Asset ID: 1-72-1017926.1
Update Date:2010-07-15
Keywords:

Solution Type  Problem Resolution Sure

Solution  1017926.1 :   Sun Fire[TM] 3800-6800: Troubleshooting NCPQ_TO errors  


Related Items
  • Sun Fire 3800 Server
  •  
  • Sun Fire 6800 Server
  •  
  • Sun Fire 4800 Server
  •  
Related Categories
  • GCS>Sun Microsystems>Servers>Midrange Servers
  •  

PreviouslyPublishedAs
229185


Applies to:

Sun Fire 3800 Server
Sun Fire 4800 Server
Sun Fire 6800 Server
All Platforms

Symptoms

Description:

This document aids in troubleshooting Non-Cacheable Pending Queue Time Outs (NCPQ_TO) on Sun Fire 3800/4800/4810/6800 systems.  NCPQ_TOs occur when data requests in Non-Cacheable address space do not complete a transaction.
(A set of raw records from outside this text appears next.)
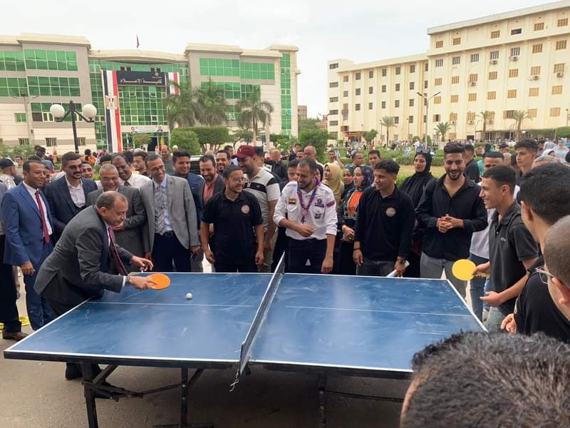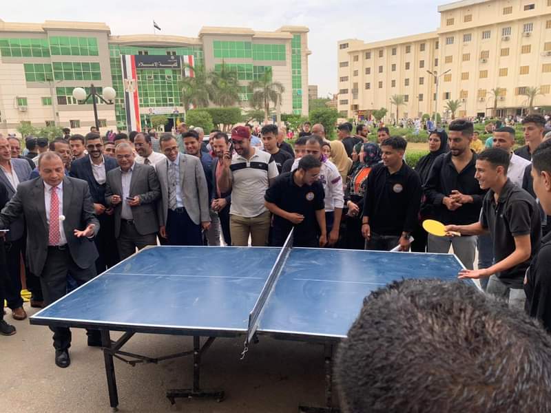 مباراة تنس طاولة بين رئيس جامعة بني سويف والطلاب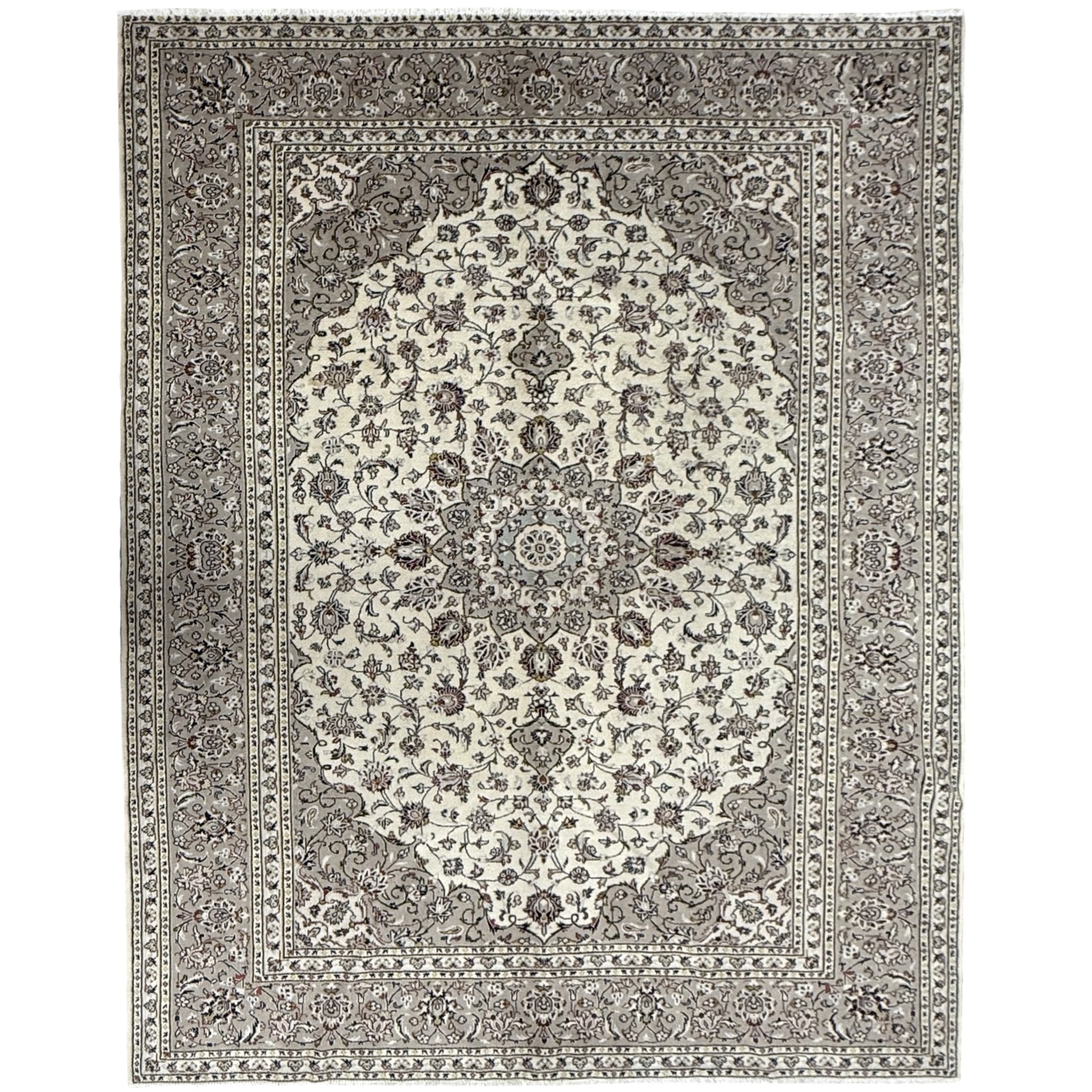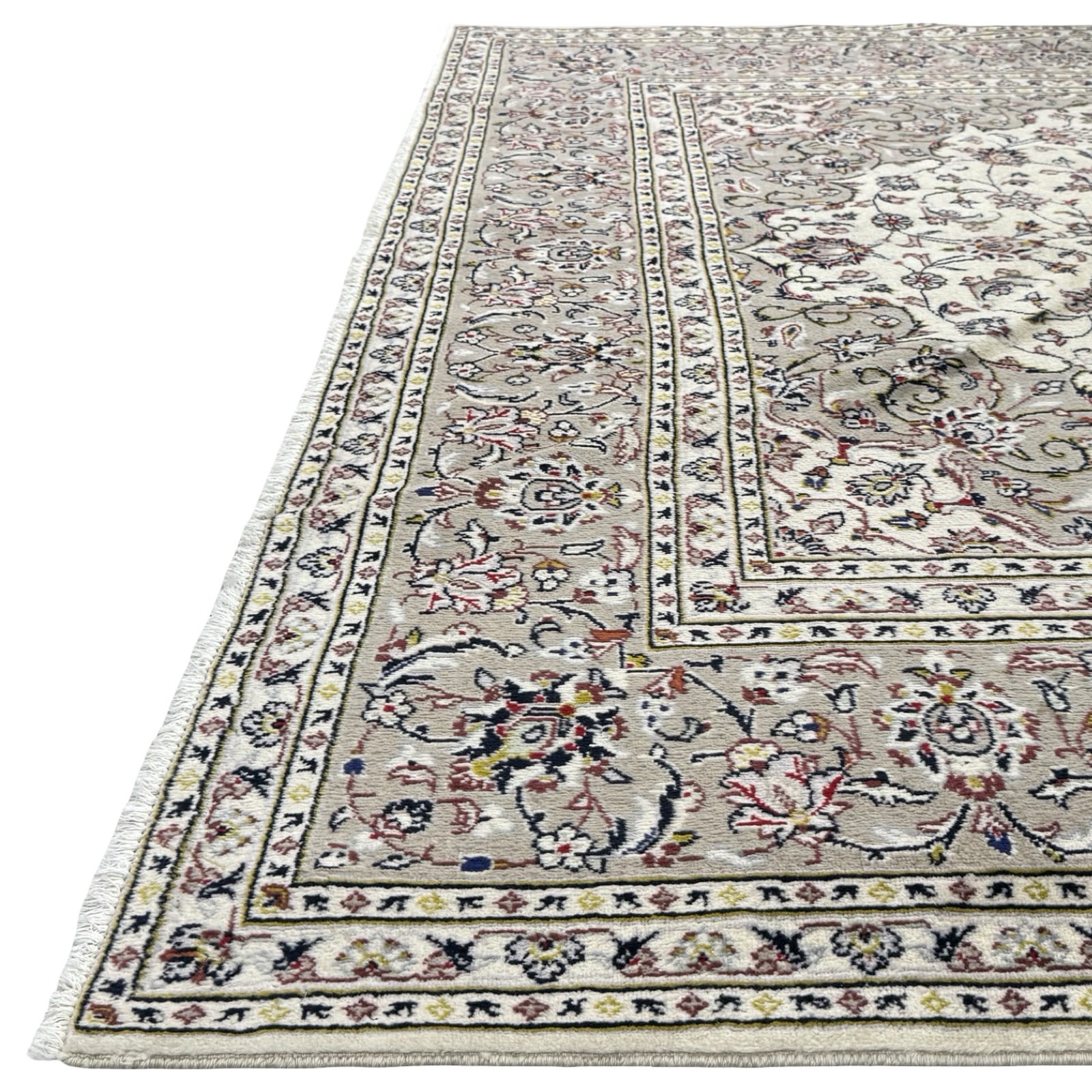 345 x 250cm Hand Knotted Floral Ivory Kashan Persian Rug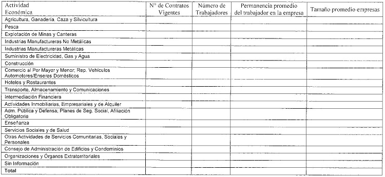 Cuadro N° 16 Número de contratos vigentes según actividad economica, número de trabajadores, permanencia promedio, tamaño promedio de empresa y número de empresas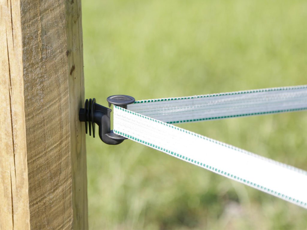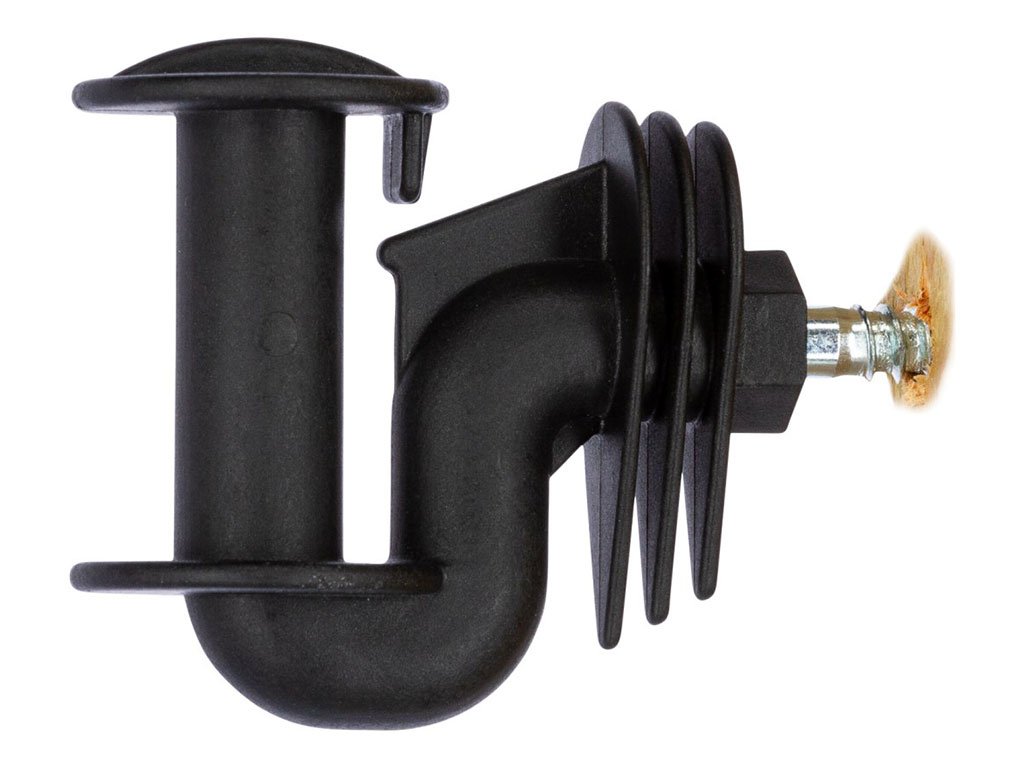 Rohový izolátor pre elektrický ohradník, určený pre ohradníkové pásky, vynikajúce izolačné vlastnosti, chráni pred prepätím, skrutka Ø 8mm. Objavte ideálneho pomocníka na vytvorenie elektrického ohradníka pre Váš chov! Tento extra silný izolátor je vyrobený z veľmi odolného polyamidového plastu a zaisťuje bezpečnú a spoľahlivú inštaláciu širokých pásikov do 40 mm. Páska sa voľne pohybuje po hladkom, zaoblenom povrchu, ktorý minimalizuje trenie a opotrebenie. Pozinkovaná skrutka Ø 8 mm zaručuje stabilitu a pevné uchytenie. Špeciálny tvar izolátora chráni pred prepätím a zabraňuje uvoľneniu vodiča. Materiál odoláva vysokým ťahovým silám, UV žiareniu aj poveternostným vplyvom, čo zaisťuje dlhú životnosť pri vonkajšom použití.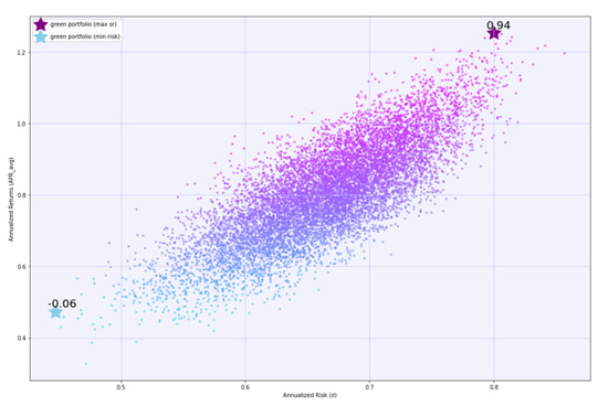 We are not only interested in the expected return and risk of a collection of individual instruments, we also need to obtain some insights and information on the portfolio of stocks as a whole. We thus implemented the fourth stage of the research algorithm, which consists of a comparison of green and non-green logistics portfolios. For the portfolio optimisation, we used the Monte Carlo method (or simulation) to model the probability of different outcomes in a process that could not easily be predicted due to the intervention of random variables. It is a technique used to understand the impact of risk and uncertainty in prediction and forecasting models. For this study, it was used to conduct repeat random sampling of the input space to generate 10,000 probable portfolios, based on calculated risks and returns, for the two groups: green and non-green. The sum of assets’ shares was equal to 1. Expected return and risk of the portfolios are presented in the earlier formulas. For this article, a comparison of the two kinds of portfolio was provided in terms of minimum risk (standard deviation) and maximum efficiency (the Sharpe ratio). The Sharpe ratio (Equation (5)) is the ratio of the expected excess return of a portfolio to the portfolio’s volatility. Therefore, an optimal portfolio should maximise the Sharpe ratio. A large Sharpe ratio indicates that an instrument’s returns (APR) are large relative to its volatility (standard deviation).

Non-Cacheable addresses space is Safari Device config and I/O address space.

In most situations this is a type of error that requires Support Services to be engaged in order to be resolved.  Please review the document to see if the resolution to this issue is available within, but if not, you will likely be required to log a Service Request with Support Services to get resolution.  Please mention this article when logging the Service Request.

Symptoms:

Error messages indicating a NCPQ_TO occurred are seen on the Domain Console.  The error messages are also stored in the Domain Console Buffer and can be retrieved by the Sun Fire System Controller (SC) command showlogs.  If a loghost is configured, the error messages are stored on the loghost.  NCPQ_TOs can occur during normal operation of the Domain or during POST.

Here is an example log of a NCPQ_TO error:
Feb 26 10:46:02 systemx DomC.SC: ErrorMonitor:Domain C has a SYSTEM ERROR
Feb 26 10:46:02 systemx DomC.SC: /N0/SB1 encountered the first error
Feb 26 10:46:02 systemx DomC.SC: RepeaterSbbcAsic reported first error on /N0/SB1
Feb 26 10:46:02 systemx DomC.SC: /partition1/domain0/SB1/bbcGroup0/sbbc0:
FE [15:15] : 0x1
ErrSum [31:31] : 0x1
SafErr [09:08] : 0x1 Fireplane device asserted an error
Feb 26 12:20:47 systemx DomC.SC: /partition1/domain0/SB1/bbcGroup0/cpuAB/cpusafariagent0:
AFAR (high)[0x531] : 0x0000063c
AFAR [42:32] [10:00] : 0x63c
AFAR (low)[0x541] : 0xff800000
AFAR_2 (high)[0x571] : 0x0000063c      <<<to be used later (for decoding)
AFAR_2 [42:32] [10:00] : 0x63c
AFAR_2 (low)[0x581] : 0xff800000       <<<to be used later (for decoding)
AFSR (high)[0x551] : 0x00080000
PERR [19:19] : 0x1
AFSR_2 (high)[0x591] : 0x00080000
PERR [19:19] : 0x1
EMU B[0x511] : 0x03000000
AID_LK [24:24] : 0x1
NCPQ_TO [25:25] : 0x1

Cause

Interpretation of the example error above:

A System error is detected and Domain C is PAUSED.  From the device path in the error messages it can be determined that the error is detected on SB1 CPU A .
/partition1/domain0/SB1/bbcGroup0/cpuAB/cpusafariagent0
  • The Error Type is an NCPQ_TO.
  • The AFAR_2 0x0000063c.ff800000 (from example above this is taken from the AFAR_2 high and low entries) decodes to:
Non-Cacheable Schizo Device Pair Agent ID 1E Leaf B. (I/O Boat 9 Slots 0,1,2 )
Use Document 1006063.1 for decoding.

Possible Causes:

There are many possible hardware and software root causes for NCPQ_TOs.  They can be caused by faulty CPUs, I/O Bridge ASICs (Schizo), PCI cards as well as Bugs in the Microcode of cPCI/PCI cards.
The following scenarios have been known to cause NCPQ_TOs on Sun Fire 3800-6800 systems:
  • Incorrectly performed upgrade from Firmware 5.11.x to 5.12.x may result in a NCPQ_TO on the first reboot subsequent to the upgrade. This firmware, however, is very old, so should not be an issue now (when 5.20.x is the most recent release).
  • Improper seating of cPCI/PCI Adapters.  If cards have been recently installed or replaced and the error decodes to this location, considering reseating the card to see if the errors cease.
  • Downrev cPCI/PCI adaptor firmware. 

Solution

Troubleshooting:

In general the device indicated by the AFAR_2 is likely to be the cause for the NCPQ_TO.   However the device reporting the error can as well be the cause.  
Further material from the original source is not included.